Hal ini dapat dijelaskan dengan anekdot tentang Grand Canyon yang dikisahkan Derick Daniels (dalam Ishwara, 2011). Tiga orang berdiri di tepi ngarai raksasa itu: seorang pendeta, seorang ahli geologi, dan seorang koboi.
- Sang pendeta berkata, “Ini adalah keajaiban Tuhan.”
- Ahli geologi berkomentar, “Ini keajaiban ilmu pengetahuan.”
- Sementara itu, si koboi menimpali, “Tempat yang cocok untuk menggembala sapi.”

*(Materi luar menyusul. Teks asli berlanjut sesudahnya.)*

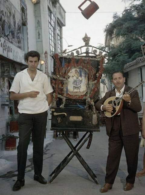 Ο Μίκης Θεοδωράκης και ο Γιώργος Ζαμπέτας φωτογραφίζονται το 1961 στην Πλάκα, (πηγή φωτογραφίας «Αθήνα μου»).

Fakta yang sama—Grand Canyon—melahirkan tiga laporan yang berbeda karena masing-masing melihatnya melalui perspektif yang berbeda.
Contoh Kasus di Indonesia
Fenomena serupa terjadi dalam pemberitaan di Indonesia. Misalnya, dalam konflik Ambon 1999, Republika menuliskan peristiwa itu sebagai “pembantaian,” sementara Kompas dan Suara Pembaruan memilih istilah “konflik” (Eriyanto, 2012). Kata yang dipakai menunjukkan perbedaan cara pandang media terhadap peristiwa yang sama: apakah ingin menekankan sisi brutal atau sisi pertikaian antarkelompok.
Kasus lain adalah kontroversi Miss World 2013 di Indonesia. Bagi media di bawah MNC Group yang juga menjadi penyelenggara acara, ajang ini diberitakan sebagai peluang untuk memperkenalkan budaya Indonesia ke mata dunia. Namun, surat kabar Republika yang berideologi Islam menekankan kritik bahwa kontes tersebut adalah bentuk eksploitasi perempuan (Ahmadi, 2013). Lagi-lagi, satu fakta dapat diolah menjadi dua wacana berbeda.
Hal yang paling sering terjadi adalah dalam liputan demo buruh. Menurut Eriyanto (2013), banyak media lebih menonjolkan aspek kerusuhan—bentrokan, kaca pecah, atau jalan macet—ketimbang menyuarakan tuntutan substantif buruh. Perspektif ini membuat publik lebih mudah melihat buruh sebagai sumber masalah, bukan sebagai pihak yang memperjuangkan hak-haknya.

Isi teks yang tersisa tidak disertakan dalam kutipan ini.